### Problem description
Print, from the listing below, the lines starting at the line containing "Vi bor på Siam" and ending at the line containing "- Для отбора", exactly as they stand, and print nothing else.

### Provided information
┄┄┄┄┄┄┄┄┄┄┄┄┄┄┄┄┄┄┄┄
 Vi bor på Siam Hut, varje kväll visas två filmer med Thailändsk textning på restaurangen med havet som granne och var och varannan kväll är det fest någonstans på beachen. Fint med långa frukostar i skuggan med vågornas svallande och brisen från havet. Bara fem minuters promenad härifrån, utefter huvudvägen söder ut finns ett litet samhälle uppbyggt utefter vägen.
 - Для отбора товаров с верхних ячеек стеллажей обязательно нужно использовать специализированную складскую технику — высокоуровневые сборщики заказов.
┄┄┄┄┄┄┄┄┄┄┄┄┄┄┄┄┄┄┄┄
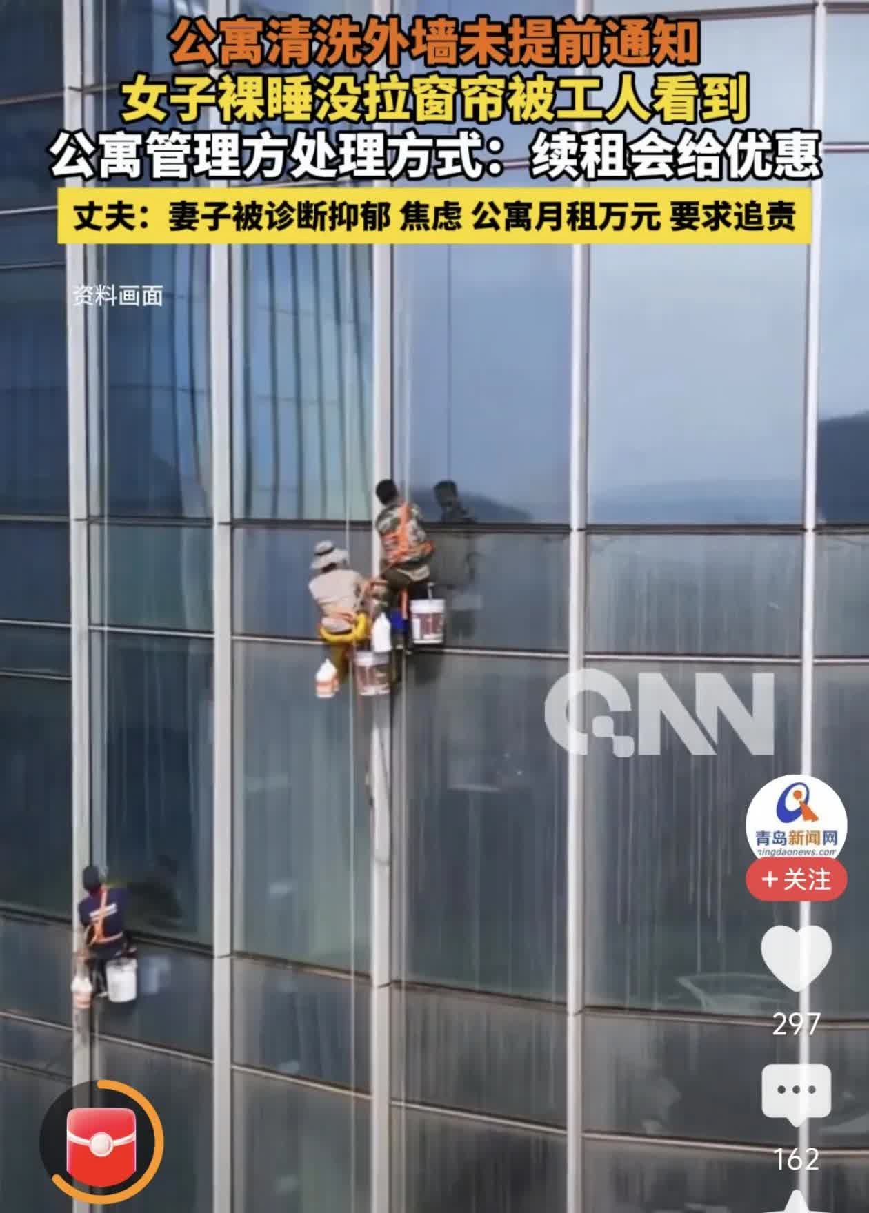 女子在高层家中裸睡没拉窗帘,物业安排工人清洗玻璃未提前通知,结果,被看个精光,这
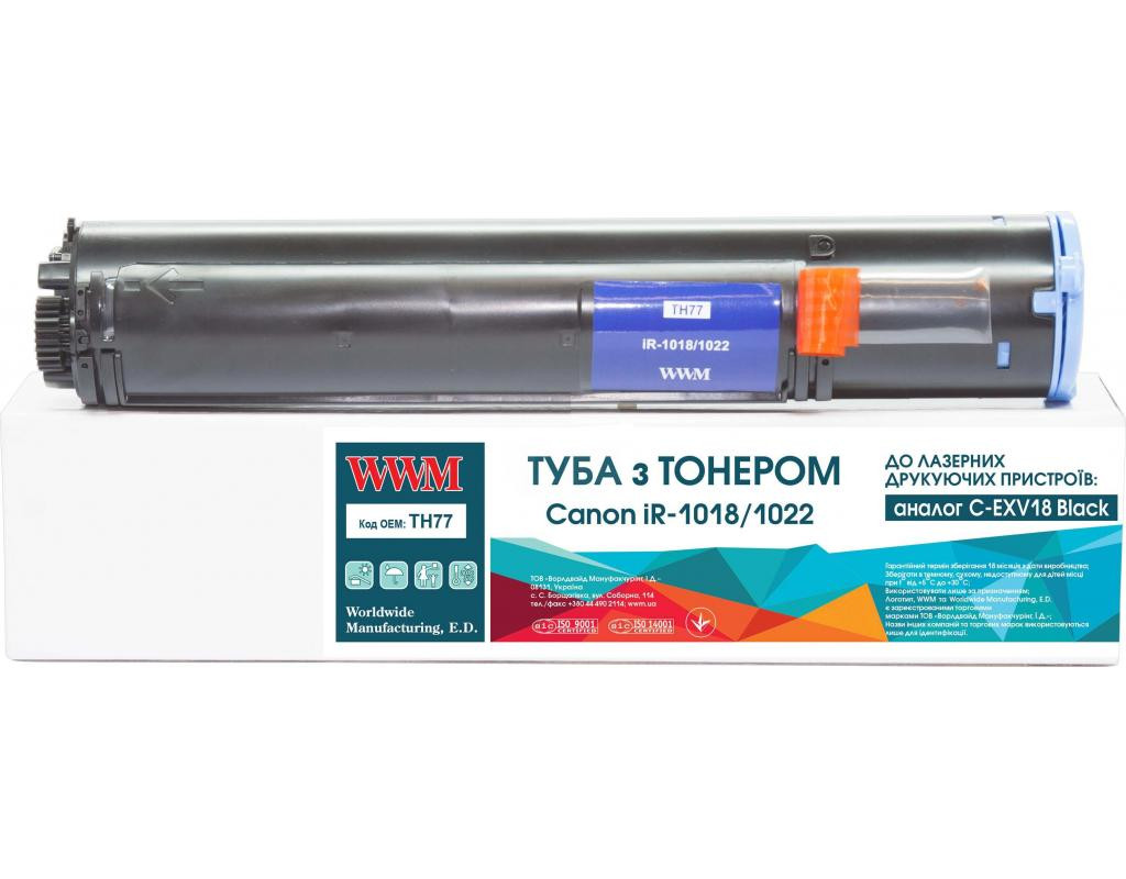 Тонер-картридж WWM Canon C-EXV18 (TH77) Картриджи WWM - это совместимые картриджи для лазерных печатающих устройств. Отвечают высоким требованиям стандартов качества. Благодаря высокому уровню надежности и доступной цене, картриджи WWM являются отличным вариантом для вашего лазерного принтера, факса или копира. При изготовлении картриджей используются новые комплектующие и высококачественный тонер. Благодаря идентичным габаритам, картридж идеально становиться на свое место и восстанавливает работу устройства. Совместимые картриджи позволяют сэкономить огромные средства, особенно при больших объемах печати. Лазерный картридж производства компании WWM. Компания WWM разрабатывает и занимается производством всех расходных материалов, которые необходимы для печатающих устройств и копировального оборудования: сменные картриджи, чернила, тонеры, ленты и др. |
┄┄┄┄┄┄┄┄┄┄┄┄┄┄┄┄┄┄┄┄
### Result of this exercise
 Vi bor på Siam Hut, varje kväll visas två filmer med Thailändsk textning på restaurangen med havet som granne och var och varannan kväll är det fest någonstans på beachen. Fint med långa frukostar i skuggan med vågornas svallande och brisen från havet. Bara fem minuters promenad härifrån, utefter huvudvägen söder ut finns ett litet samhälle uppbyggt utefter vägen.
 - Для отбора товаров с верхних ячеек стеллажей обязательно нужно использовать специализированную складскую технику — высокоуровневые сборщики заказов.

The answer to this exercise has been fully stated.